By addressing these points, you can significantly reduce the chances of being stuck on the side of the road due to preventable issues. Regular maintenance not only ensures your safety but also extends the life of your RV and tow vehicle.

4. Have a Contingency Plan for Everything

Having a “Plan B” for every aspect of your trip can prevent panic and ensure you’re prepared for any unexpected situations. Here are some essential tips for creating effective contingency plans:

  • Emergency Funds: Set aside an emergency fund specifically for unexpected expenses, such as vehicle repairs, medical emergencies, or last-minute accommodations. This will give you peace of mind knowing you have a financial cushion.
  • Accommodation Alternatives: Research alternative accommodation options along your route. Familiarize yourself with nearby hotels, motels, or campgrounds that you can turn to if your planned spot is unavailable or unsafe.
  • Vehicle Breakdown Plan: Know what to do if your RV or tow vehicle breaks down. Have the contact information for roadside assistance services, such as AAA or Coach-Net, and keep a list of reliable mechanics and service centers along your route.
  • Medical Emergencies: Be prepared for health issues by knowing the locations of nearby hospitals, urgent care centers, and pharmacies. Carry a basic medical kit and ensure you have any necessary medications with you.
  • Communication Plan: Ensure you have a reliable way to communicate in case of an emergency. Carry a charged cell phone and a backup battery, and consider a satellite phone if you’ll be traveling in remote areas with poor cell coverage.
  • Alternative Routes: Plan multiple routes to your destination in case of road closures, traffic jams, or adverse weather conditions. Use a trip-planning app to map out these alternatives.
  • Essential Supplies: Stock up on essential supplies like food, water, and clothing to last you a few days in case you need to stay put due to weather or other unforeseen circumstances.
  • Documentation: Keep important documents such as your driver’s license, vehicle registration, insurance papers, and emergency contacts in a waterproof and easily accessible location.

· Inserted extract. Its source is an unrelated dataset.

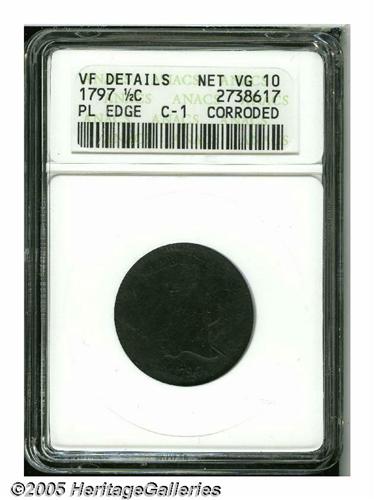 <B>1797<1/2 C> 1 Above 1--Corroded--ANACS. VF Details, Net VG10.</B></I> B-1, C-1, R.2. All legends are legible aside from the ICA in AMERICA. A dark and rough example that has a minor rim ding at 7:30 on the obverse.
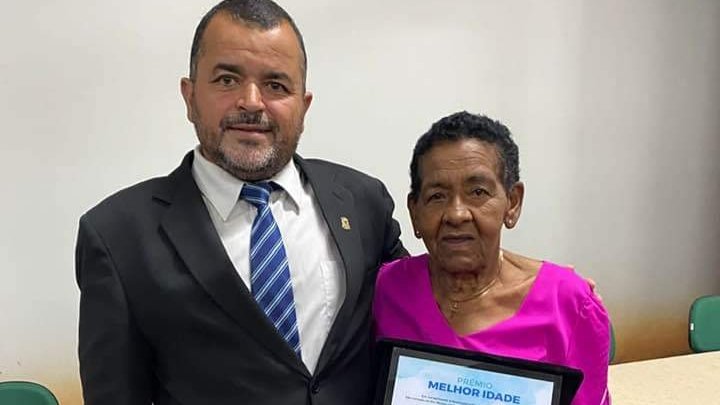 O vereador Marlon Túlio homenageou a Dona Célia com o “Prêmio Melhor Idade”.

By preparing these contingency plans, you’ll be ready to handle any challenges that come your way, ensuring a smoother and more enjoyable solo RV travel experience.

5. Make Sure Someone Knows Your Solo Travel Plans

Always let a trusted friend or family member know your travel route and your estimated arrival times. Sharing your itinerary ensures that if something unexpected happens, your loved ones will know where to start looking for you. Here are some tips to make this process more effective:

  • Share Detailed Itinerary: Provide details about your planned stops, destinations, and expected times of arrival and departure. This helps others track your progress and pinpoint your location more accurately.
  • Regular Check-Ins: Set up regular check-ins via phone or text to update your status and any changes in your plans. This keeps your loved ones reassured and informed about your whereabouts.
  • Emergency Contacts: Share the contact information of the campgrounds or locations where you will be staying. This can be helpful in case of an emergency when someone needs to reach you quickly.
  • Use Location Sharing Apps: Consider using location-sharing apps like Google Maps, Find My Friends, or Life360. These apps allow your trusted contacts to see your real-time location and can be a lifesaver in an emergency.
  • Leave a Paper Trail: If you’re not comfortable with digital tracking, leave a written copy of your itinerary and emergency contact numbers with someone you trust.

By keeping someone informed about your solo travel plans, you add an extra layer of safety and peace of mind for both yourself and your loved ones.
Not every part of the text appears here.